WHAT YOU SHOULD DO | Omit all pictures. Print the remaining lines exactly, from the start of the data through the line containing "This image shows".

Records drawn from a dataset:

= Beginning of Section =

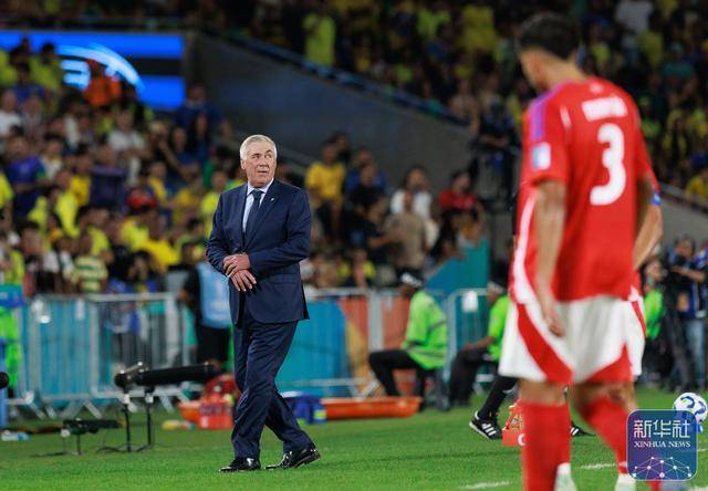 ↑ 巴西队主教练安切洛蒂(左)在场边观赛。
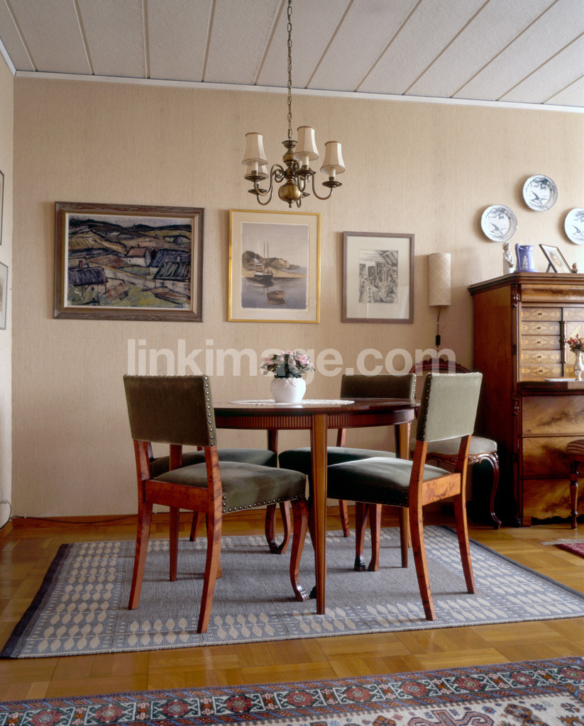 plaques, mat, room, home, lamp, chairs, table, living room furniture, older, lodging, interior
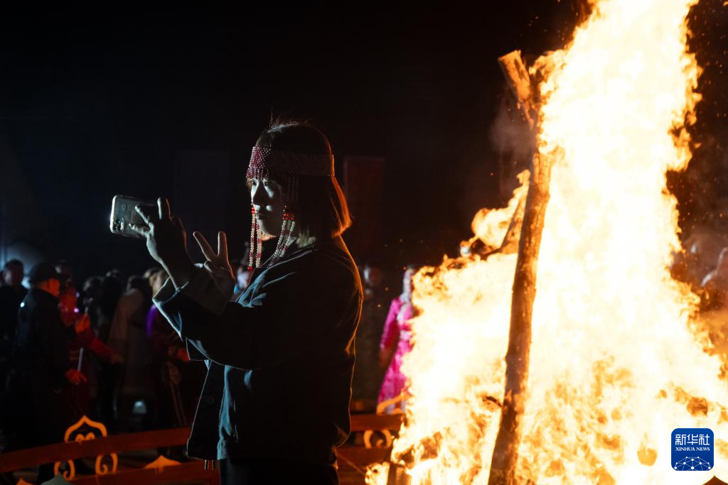 9月12日,在新生鄂伦春族乡新生村,游客身着鄂伦春族服饰在篝火前自拍。
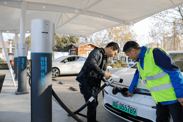2021年11月26日,在河南省宝丰县龙兴湖公园,市民使用充电桩为新能源车充电。 新华社发(何五昌 摄)
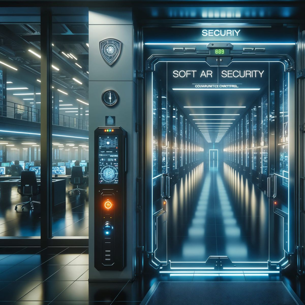 This image shows a reinforced glass door with glowing AR security warnings in a futuristic corporate building. The scene captures a sterile, high-tech environment in a city resembling New Orleans, depicted in a cyberpunk aesthetic.
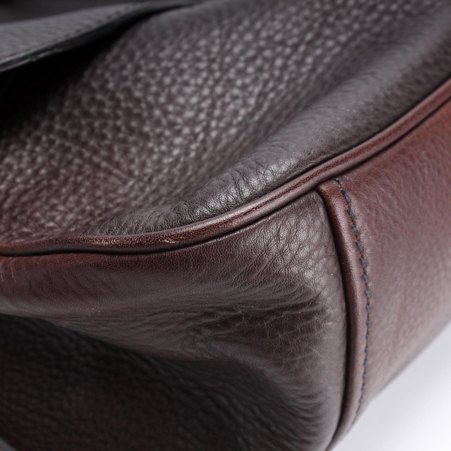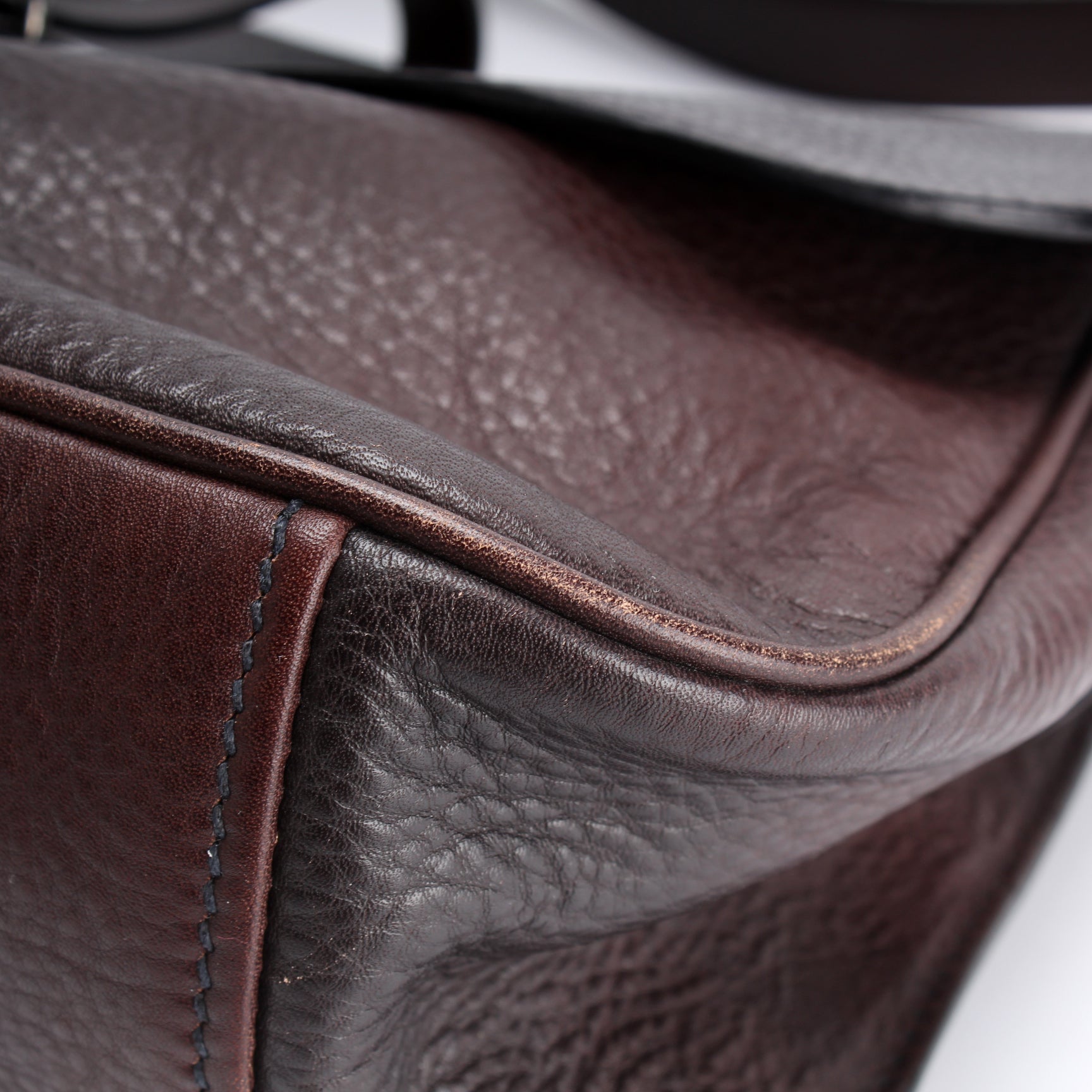 Exterior: The exterior leather is free of any rips or cracks. The corners show minor wear.

= End of Section =

TASK ANSWER |
 ↑ 巴西队主教练安切洛蒂(左)在场边观赛。
 plaques, mat, room, home, lamp, chairs, table, living room furniture, older, lodging, interior
 9月12日,在新生鄂伦春族乡新生村,游客身着鄂伦春族服饰在篝火前自拍。
2021年11月26日,在河南省宝丰县龙兴湖公园,市民使用充电桩为新能源车充电。 新华社发(何五昌 摄)
 This image shows a reinforced glass door with glowing AR security warnings in a futuristic corporate building. The scene captures a sterile, high-tech environment in a city resembling New Orleans, depicted in a cyberpunk aesthetic.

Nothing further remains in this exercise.